Task brief ▸ Verbatim reproduction of the entries is required; images must be omitted.
____ Record excerpts
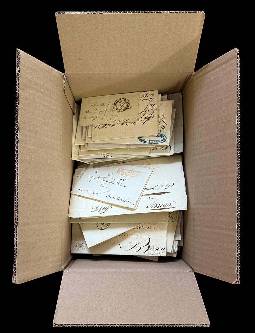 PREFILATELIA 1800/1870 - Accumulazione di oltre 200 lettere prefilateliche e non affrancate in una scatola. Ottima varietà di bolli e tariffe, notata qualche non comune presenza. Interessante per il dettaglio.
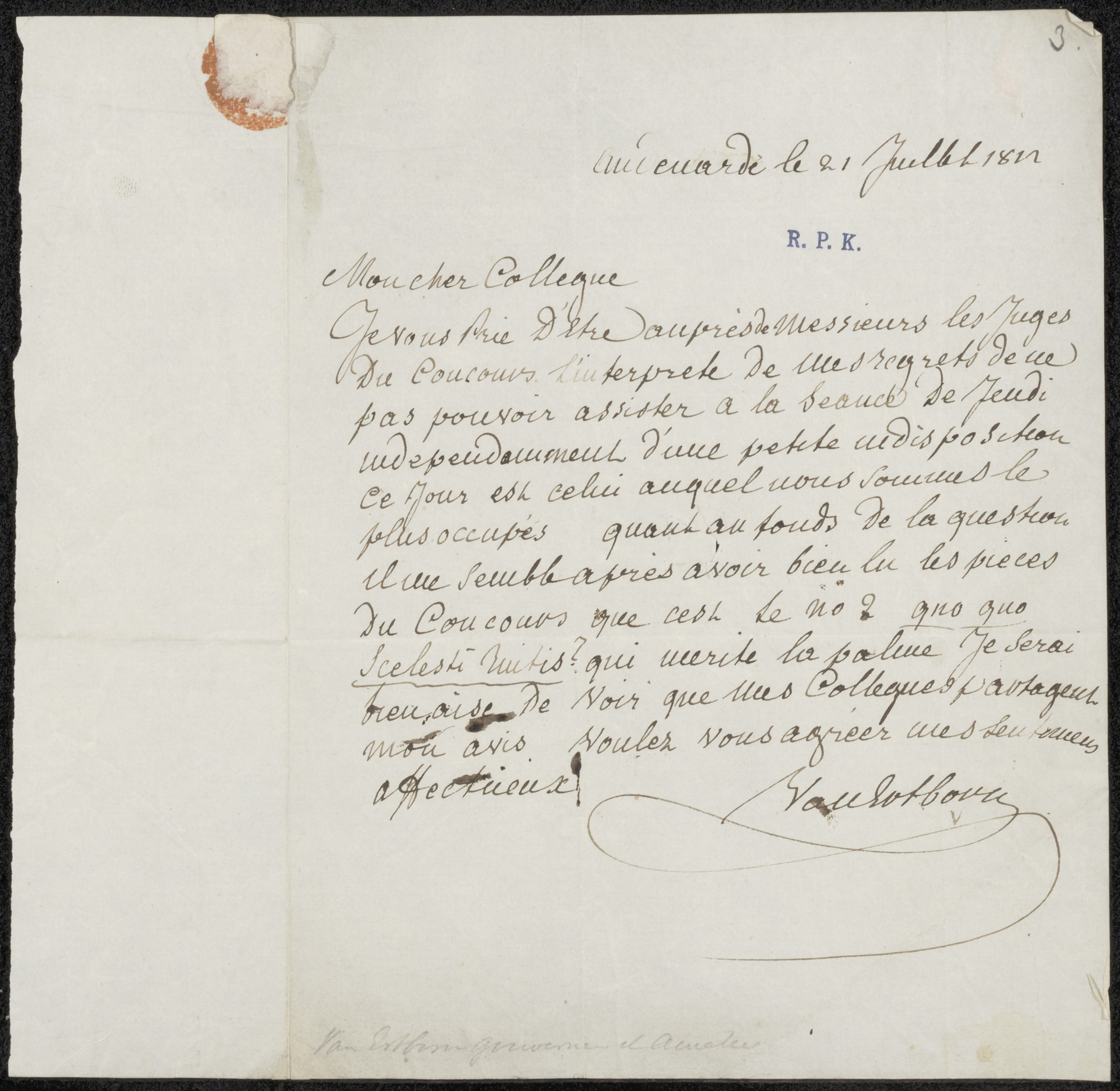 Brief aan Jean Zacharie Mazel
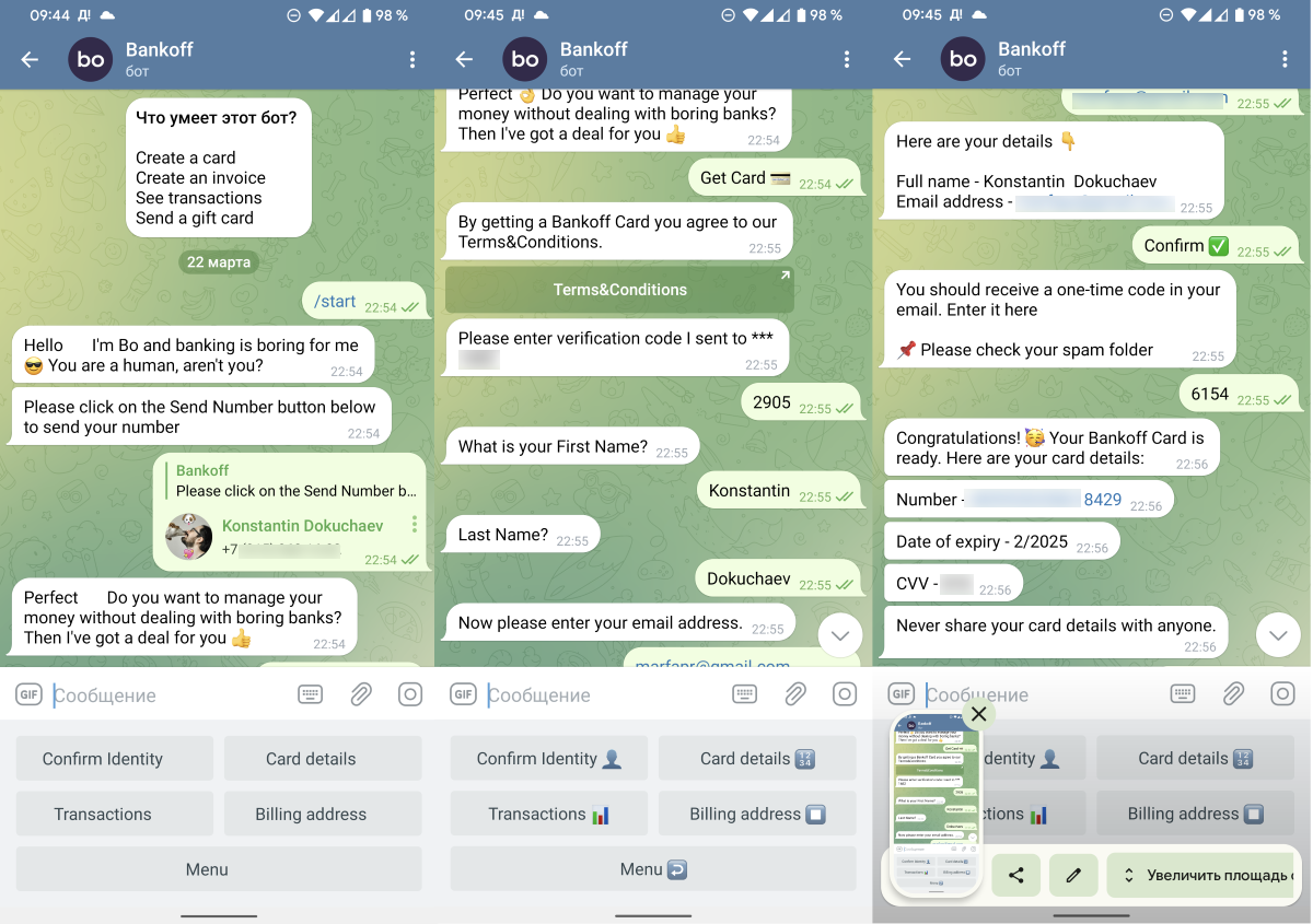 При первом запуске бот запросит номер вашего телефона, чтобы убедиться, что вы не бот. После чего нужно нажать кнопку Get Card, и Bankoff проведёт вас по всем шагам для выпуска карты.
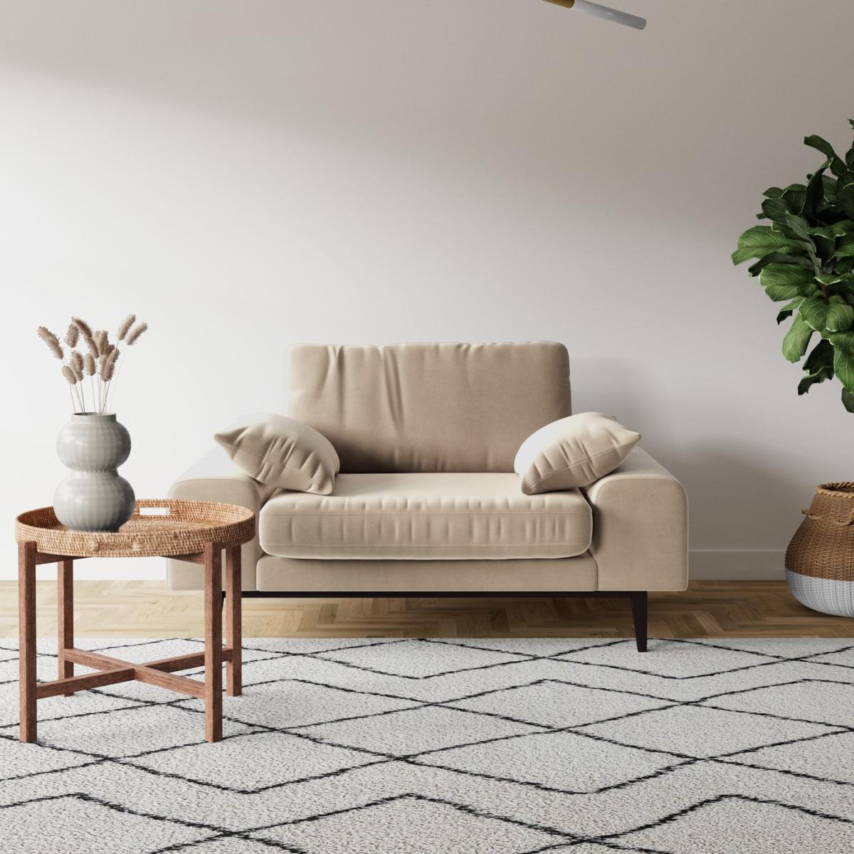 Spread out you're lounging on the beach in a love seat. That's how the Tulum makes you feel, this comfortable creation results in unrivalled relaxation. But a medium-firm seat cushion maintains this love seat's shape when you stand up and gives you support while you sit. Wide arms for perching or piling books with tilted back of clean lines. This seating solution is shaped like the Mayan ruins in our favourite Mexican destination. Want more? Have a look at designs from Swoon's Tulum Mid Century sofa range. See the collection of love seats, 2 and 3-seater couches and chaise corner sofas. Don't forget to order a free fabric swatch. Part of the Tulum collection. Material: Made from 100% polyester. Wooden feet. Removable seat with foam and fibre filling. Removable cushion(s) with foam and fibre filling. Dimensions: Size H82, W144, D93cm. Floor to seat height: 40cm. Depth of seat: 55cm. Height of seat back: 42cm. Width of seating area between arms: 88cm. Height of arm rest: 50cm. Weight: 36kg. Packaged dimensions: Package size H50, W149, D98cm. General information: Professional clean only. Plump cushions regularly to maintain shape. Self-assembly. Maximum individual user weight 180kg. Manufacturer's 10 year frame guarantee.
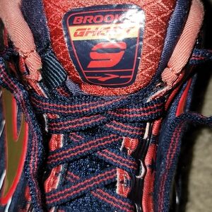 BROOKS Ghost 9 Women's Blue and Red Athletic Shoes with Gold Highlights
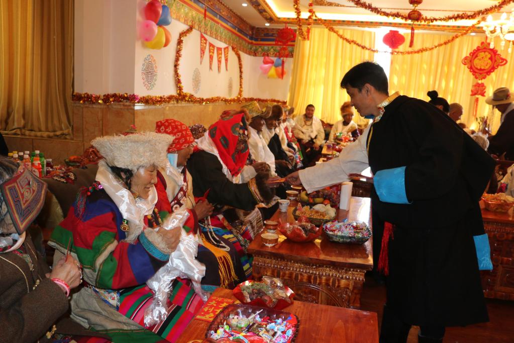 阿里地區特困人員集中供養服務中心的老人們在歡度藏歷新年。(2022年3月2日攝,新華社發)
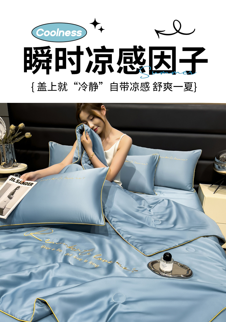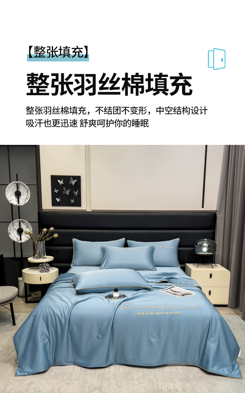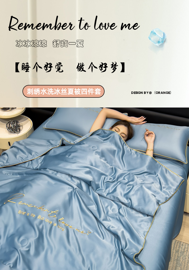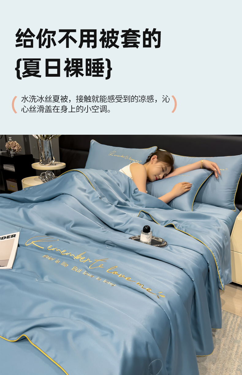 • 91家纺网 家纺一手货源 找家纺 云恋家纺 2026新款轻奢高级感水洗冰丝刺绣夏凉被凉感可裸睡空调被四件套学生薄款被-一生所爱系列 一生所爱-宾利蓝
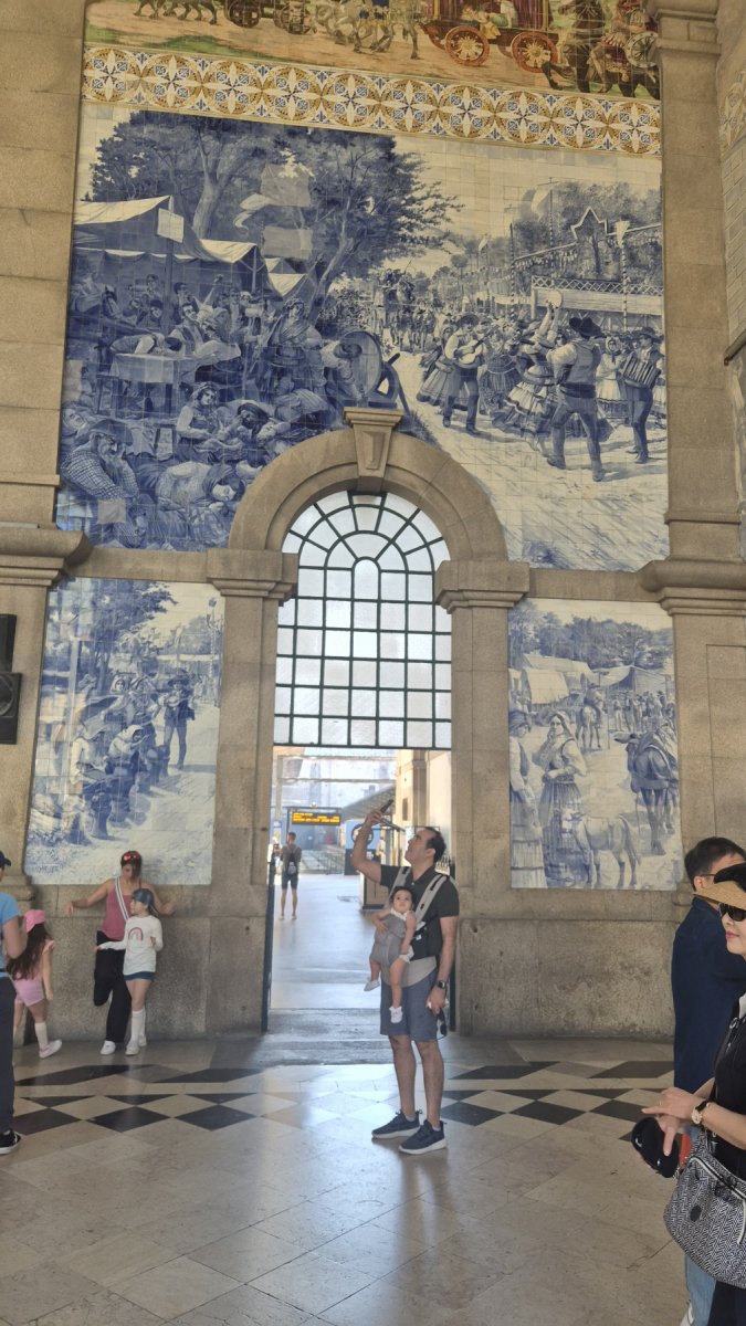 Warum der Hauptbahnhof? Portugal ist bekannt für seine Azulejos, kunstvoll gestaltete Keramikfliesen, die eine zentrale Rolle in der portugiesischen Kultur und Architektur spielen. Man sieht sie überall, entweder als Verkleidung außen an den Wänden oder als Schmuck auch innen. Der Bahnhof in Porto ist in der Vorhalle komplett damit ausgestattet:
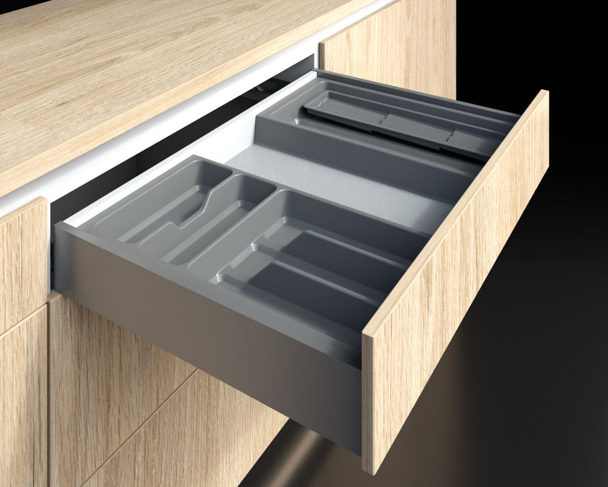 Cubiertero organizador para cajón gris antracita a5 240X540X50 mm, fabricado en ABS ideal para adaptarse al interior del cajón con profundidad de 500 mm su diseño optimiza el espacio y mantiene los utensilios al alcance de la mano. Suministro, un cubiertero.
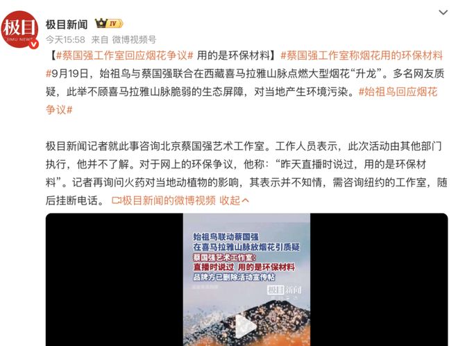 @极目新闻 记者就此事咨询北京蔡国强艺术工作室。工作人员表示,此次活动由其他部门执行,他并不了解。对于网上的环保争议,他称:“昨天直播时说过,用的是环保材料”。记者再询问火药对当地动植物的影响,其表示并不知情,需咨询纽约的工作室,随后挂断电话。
________
Response for this exercise ▸
 PREFILATELIA 1800/1870 - Accumulazione di oltre 200 lettere prefilateliche e non affrancate in una scatola. Ottima varietà di bolli e tariffe, notata qualche non comune presenza. Interessante per il dettaglio.
 Brief aan Jean Zacharie Mazel
 При первом запуске бот запросит номер вашего телефона, чтобы убедиться, что вы не бот. После чего нужно нажать кнопку Get Card, и Bankoff проведёт вас по всем шагам для выпуска карты.
 Spread out you're lounging on the beach in a love seat. That's how the Tulum makes you feel, this comfortable creation results in unrivalled relaxation. But a medium-firm seat cushion maintains this love seat's shape when you stand up and gives you support while you sit. Wide arms for perching or piling books with tilted back of clean lines. This seating solution is shaped like the Mayan ruins in our favourite Mexican destination. Want more? Have a look at designs from Swoon's Tulum Mid Century sofa range. See the collection of love seats, 2 and 3-seater couches and chaise corner sofas. Don't forget to order a free fabric swatch. Part of the Tulum collection. Material: Made from 100% polyester. Wooden feet. Removable seat with foam and fibre filling. Removable cushion(s) with foam and fibre filling. Dimensions: Size H82, W144, D93cm. Floor to seat height: 40cm. Depth of seat: 55cm. Height of seat back: 42cm. Width of seating area between arms: 88cm. Height of arm rest: 50cm. Weight: 36kg. Packaged dimensions: Package size H50, W149, D98cm. General information: Professional clean only. Plump cushions regularly to maintain shape. Self-assembly. Maximum individual user weight 180kg. Manufacturer's 10 year frame guarantee.
 BROOKS Ghost 9 Women's Blue and Red Athletic Shoes with Gold Highlights
 阿里地區特困人員集中供養服務中心的老人們在歡度藏歷新年。(2022年3月2日攝,新華社發)
 • 91家纺网 家纺一手货源 找家纺 云恋家纺 2026新款轻奢高级感水洗冰丝刺绣夏凉被凉感可裸睡空调被四件套学生薄款被-一生所爱系列 一生所爱-宾利蓝
 Warum der Hauptbahnhof? Portugal ist bekannt für seine Azulejos, kunstvoll gestaltete Keramikfliesen, die eine zentrale Rolle in der portugiesischen Kultur und Architektur spielen. Man sieht sie überall, entweder als Verkleidung außen an den Wänden oder als Schmuck auch innen. Der Bahnhof in Porto ist in der Vorhalle komplett damit ausgestattet:
 Cubiertero organizador para cajón gris antracita a5 240X540X50 mm, fabricado en ABS ideal para adaptarse al interior del cajón con profundidad de 500 mm su diseño optimiza el espacio y mantiene los utensilios al alcance de la mano. Suministro, un cubiertero.
 @极目新闻 记者就此事咨询北京蔡国强艺术工作室。工作人员表示,此次活动由其他部门执行,他并不了解。对于网上的环保争议,他称:“昨天直播时说过,用的是环保材料”。记者再询问火药对当地动植物的影响,其表示并不知情,需咨询纽约的工作室,随后挂断电话。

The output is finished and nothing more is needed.